# Rabbits as pets?



## FlyingFeetsFarm (Nov 28, 2012)

I went to the pet store today and OH MY GOSH! Loin head rabbits are the cutest things ever! I just want to hold one and snuggle with one all day! I have a bearded dragon, and well lets just say she's a bump on a long.... literally. lol! 

Anyway I have been looking at bunny pictures all day, and I want one! But I need an honest answer, do they make good pets? My mom said she raised rabbits when she was a kid and they did not like to be held and scratched a lot, but she raised meat rabbits.) Are they really litter box trainable? How much care do they need, lets say in comparison to a cat? How would you best describe a rabbits personality? And is there any particular breed that makes a better pet than others?

If I was to get one I would want one that was pretty mellow and happy just to hang out with me while I'm doing homework and other sitting around stuff (I have a lot of homework). 

Any info would be greatly appreciated.


----------



## PiccoloGoat (Sep 10, 2008)

I've heard rabbits make great pets. I think it really involves buying one that is really young and already handled, and then constantly handling them as they grow and get them attached to you. 
My friend has one that runs free in the backyard and she comes to the door when called.

Eta: I don't think it's hard to litter train them, I think they naturally go in soft, diggy spots. You've just got to show them where it is and encourage them I guess


----------



## Selah123 (Mar 24, 2013)

Hi

I have giant flemish which get as big or bigger than cats. They have been very easy to litter train. I literally just put newspaper in a kitty litter box where ever they first weed / pooed and they always go in it! They are also very docile and laze around most of the day like a cat! I don't have any experience with other breeds. Must google the lion head ones they sound interesting!


----------



## dobe627 (Oct 16, 2007)

I have raised & shown rabbits for years. Now just have my retired stock. Lion heads being one of my breeds as well as mini Rex and Holland lops. Just my opinion but lion heads aren't the friendliest. Even some of mine that were hand raised. My lops were always very sweet as were a lot of my rexes. Just my 2cents


----------



## ksalvagno (Oct 6, 2009)

I have owned a lot of pet rabbits over the years and was involved with Buckeye House Rabbit Society for over 10 years. Rabbits make great indoor pets. The key is to get them spayed or neutered. Then you just simply put the litter box in the area where they like to go. I used metal puppy play pens for their areas and they could run around the house when I was around. If you go to House Rabbit Society, there are great tips on having a house rabbit so they don't chew wires or anything.

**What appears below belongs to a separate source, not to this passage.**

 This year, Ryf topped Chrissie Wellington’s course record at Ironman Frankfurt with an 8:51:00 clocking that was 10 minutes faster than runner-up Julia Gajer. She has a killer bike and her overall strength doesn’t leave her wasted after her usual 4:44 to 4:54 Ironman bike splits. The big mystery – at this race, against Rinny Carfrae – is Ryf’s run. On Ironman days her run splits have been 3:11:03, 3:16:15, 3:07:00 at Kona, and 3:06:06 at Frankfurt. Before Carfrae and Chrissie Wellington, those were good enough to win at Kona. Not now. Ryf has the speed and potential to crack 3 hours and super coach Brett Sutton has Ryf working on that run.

I considered rabbits more work than a cat but less work than a dog to care for. Plus they don't need vaccinations or anything.


----------



## FlyingFeetsFarm (Nov 28, 2012)

Thank you everyone for all the great info, I am going to probably go look at some today just to see if I like them  lol I may even come home with one.


----------



## Trickyroo (Sep 26, 2012)

Ohh post some pictures please ? Love to see your new addition if you 
do come home with one


----------



## OwnedByTheGoats (Mar 7, 2013)

I raise French Lops. They are VERY big (so not recommended for young children), but very cute.  Now that I think about it, they kind of remind me of goats. They have their moody days and sweet days. If you raise them from babies they can be sweet and lie on your lap.

I feed my 2 month babies about 1/4 a cup of food every morning and night. The bigger ones from 4-9 months I feed 1/2 cup every morning and night. I would say the adults get about 1/3 of a cup every morning and night. Other than filling their water bottles when they get empty, feeding them twice a day, and petting them, they are really easy to take care of. And, even the stuff I listed isn't HARD! So, overall, I like my rabbits a lot. I even put a puppy halter on my rabbit who was just weaned and walked him around the yard.

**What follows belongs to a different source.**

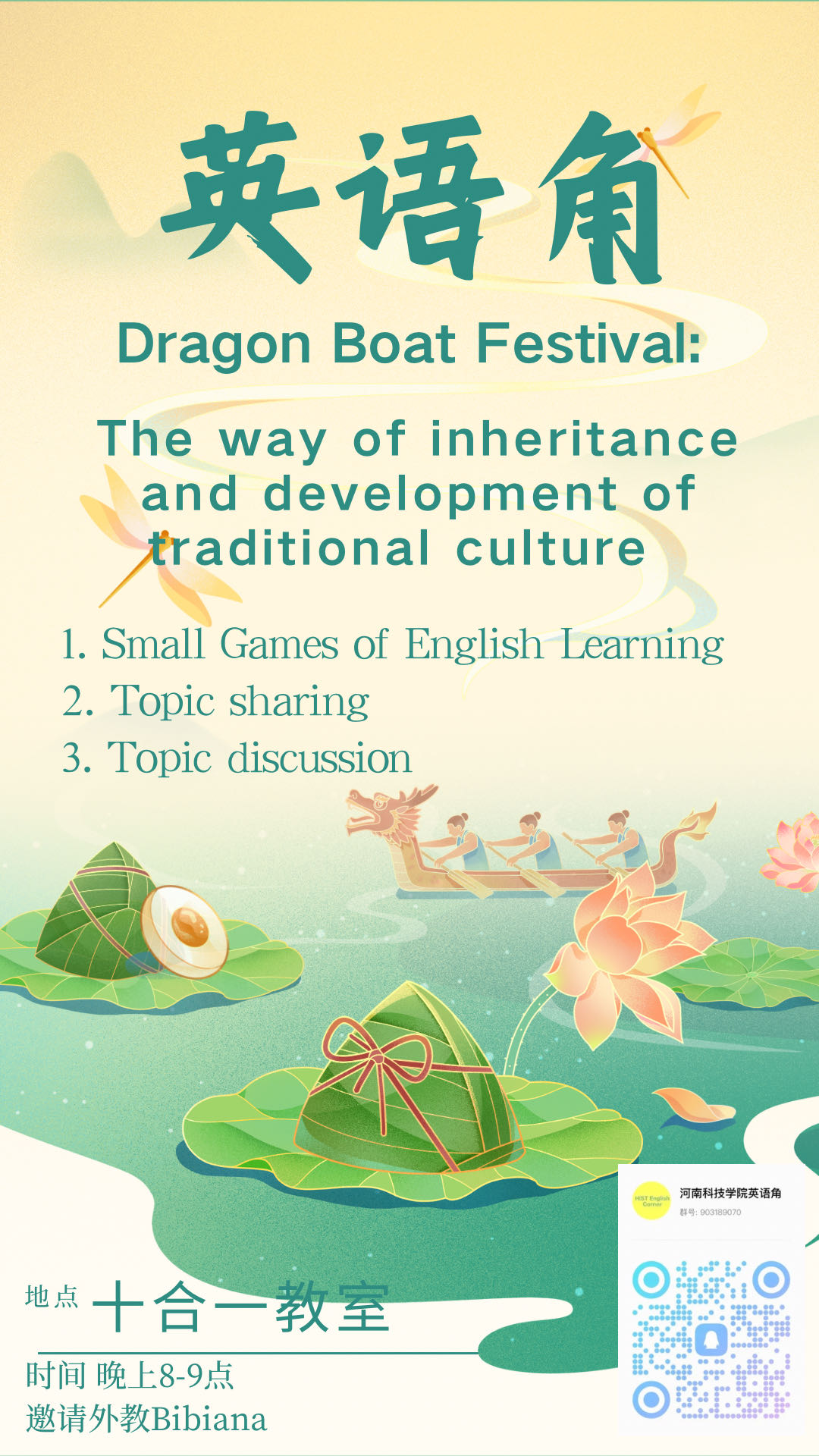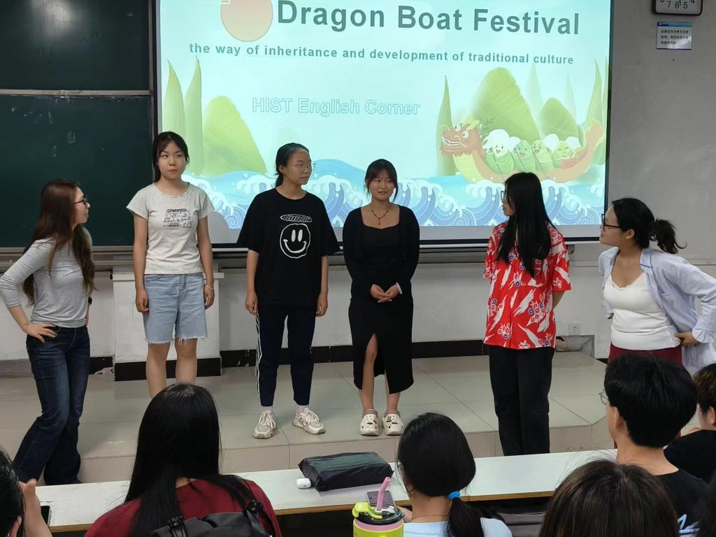 本次英语角以“Dragon Boat Festival”为主题,邀请外教Bibiana一起,展开了三个环节的活动。为增加活动的趣味性,在第一个环节中,同学们进行了英语学习的小游戏,现场气氛热烈。在第二部分的话题分享中,同学们纷纷分享了自己对端午节的理解、习俗等相关内容,这些传统的端午节元素在英语交流中焕发出新的活力。最后,在第三个环节的话题讨论中,同学们纷纷表达自己的想法和观点,锻炼了英语口语能力。

At first, I was really wanting to breed Jersey Woolies. I was so excited when I found out I could get one, but I had to wait until SPRING. Ugh, so long! (This would have been the time I got one!) So, I got all sad and searched on the computer for Jersey Wooly facts to keep me satisfied. I couldn't really find someone who raised any around here. So, I didn't know what I was going to do.

Well, we went to a friends farm to buy yet another goat, and she, of course, had baby bunnies. I came in all excited, thinking they were weaned and she would sell some. She had two litters at the moment, but they were way too young to be weaned. So I shrugged my shoulders, and asked if she had any adults she might sell to me. She actually picked out two that were almost ready to breed and said yes. Yippee, yippee! LOL! The adult male was $45 (he was a proven adult) and the adult female was $25 (she was not proven and a kind of boring color. LOL) But, we decided not to get them because we were too darn busy.

Well, we put the goat in the back of our car, and my mom got the money. The goat was about $130, but my mom only had two $100 dollar bills. Hmmm... it just happens to be hat we have 70$ left. $25 for the doe, $45 for the buck. Well, here we go with two bunnies on our laps and a screaming goat in the back of the car. We got home and pulled out two large dog crates, bought 2 water bottles and feeders, rabbit food of course, and set it all up. Stuck the bunnies in there, and here we go. This was the start of our rabbitry.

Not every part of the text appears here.